Why are Russian truckers protesting? 10 questions and answers
For over a month now, long-haul drivers in Russia have been engaged in a mass protest, staging rallies across the country, which have now reached Moscow. Truckers, especially those who are self-employed or work for small businesses, believe that the recently introduced additional toll for using federal highways will put their business on the brink of bankruptcy.
(Russia Beyond the Headlines – rbth.ru – OLEG YEGÓROV, SPECIAL TO RBTH – December 7, 2015)
1. What’s the background?
Starting from Nov. 15, Russia has introduced a new toll collection system, called Platon, for collecting fees from trucks weighing over 12 tons for using federal highways. Even before Platon came into effect, long-haul drivers had started protesting against the new levy. They are still protesting.
2. What is Platon for?
According to statistics gathered by the Federal Road Agency (Rosavtodor), up to 58 percent of damage to roads in Russia is caused by heavy trucks (those weighing over 12 tons). The government has decided to compensate for this damage with a levy imposed on companies and sole proprietors using these trucks. The money collected through Platon is planned to be used for road repairs and various infrastructure projects.
3. What problems did the system experience?
In the first days after Platon was launched, there were numerous glitches in the system: It overcharged users and was frequently down. However, the problem was not only on the technical side: Many truckers were opposed to the very idea of an additional levy on their business.
4. Is the new toll really crippling for haulers?
The thing is that most haulers in Russia are small companies – often sole proprietors who own just one truck. There are no official statistics as to the share that sole proprietors and small businesses make up of all haulers in Russia, but truckers themselves (both those who are self-employed and those who work for big companies) are convinced that small businesses account for most of the road transportation sector in Russia, from 60 to 80 percent.

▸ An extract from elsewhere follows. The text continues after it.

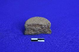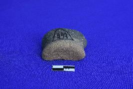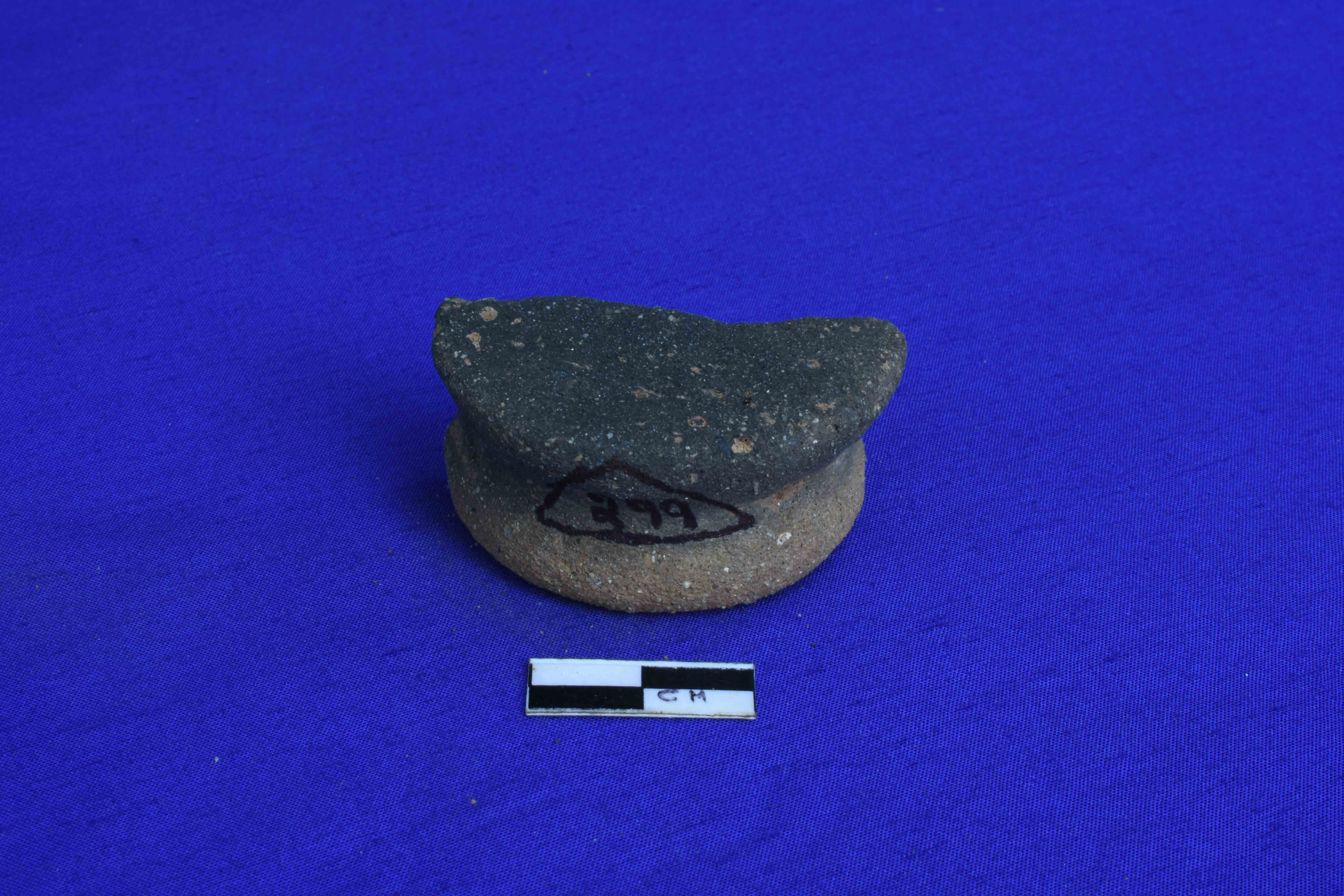 It is a terracotta Ear spool with short solid cylindrical body having groove in the center.

5. How did the protest start?
Truckers began to stage protests in regions across Russia even before Platon came online: Trucks moved along federal highways at minimal speed, causing massive traffic jams. The drivers objected to Platon and the new toll they were to be charged: 3.73 rubles ($0.06) per kilometer.
The authorities responded to the protest by lowering the toll for the first three and half months to 1.53 rubles ($0.02) per kilometer and by considerably reducing the penalty for non-payment. Initially, the penalty (for legal entities) was 450,000 rubles ($6,500) for the first non-payment and 1 million rubles for repeat non-payment. The penalty was reduced (for individuals and legal entities alike) to 5,000 rubles for the first offense, and 10,000 for repeat non-payment.
6. Where is the protest now?
Despite the concessions made by the authorities, the truckers have continued their protest. Activists from the regions have more than once announced their intention to come to Moscow and stage the main protest there by blocking traffic along the Moscow Ring Road. On Dec. 4, several groups of protesters appeared on roads leading to Moscow.
7. What are the authorities saying?
The authorities have not indicated that they are ready to cancel or suspend the Platon system. In an interview with the business daily RBK, the head of Rosavtodor, Roman Starovoit, insisted that an absolute majority of long-haul drivers did not object to the new levy and that the protest involved no more than 1 percent of all truckers in Russia. According to Starovoit, over two thirds of all 12-ton trucks have already registered with the system.
8. What do the truckers want?
The worst affected by the Platon system are small businesses and sole proprietors. If for large companies the introduction of a new levy is an unpleasant but far from a critical issue, for many small haulers it makes their business no longer viable. They are demanding that Platon either be scrapped altogether or at least suspended for several years.
9. What is the public attitude to the protest?
It would be an overstatement to say that the truckers’ protest has received considerable support beyond the relevant professional community, though this may be due to the limited coverage the issue has received on state TV (Russia’s Perviy Kanal, or Channel 1, has come under fire from internet users for ignoring the protest).
According to Denis Volkov, a sociologist with the Levada Center pollster, given the popularity that the incumbent authorities and their policies currently enjoy, the campaign against Platon is unlikely to develop into a mass protest. For their part, truckers say that ordinary people are supporting them and are even offering to put them up for the night and bring hot food to protesters.
10. What’s next?
Political analyst Alexei Makarkin, vice-president of the Moscow-based Center for Political Technologies, believes that the authorities will succeed in suppressing the protest by splitting the truckers up.
“The state has decided to play the card of dividing long-haul drivers into moderate and radical ones, with the majority belonging to the former camp, representing large companies,” Makarkin told RBTH. “At the same time, the authorities are making partial concessions by temporarily reducing the toll and slashing penalties, thus eroding the protest from within.”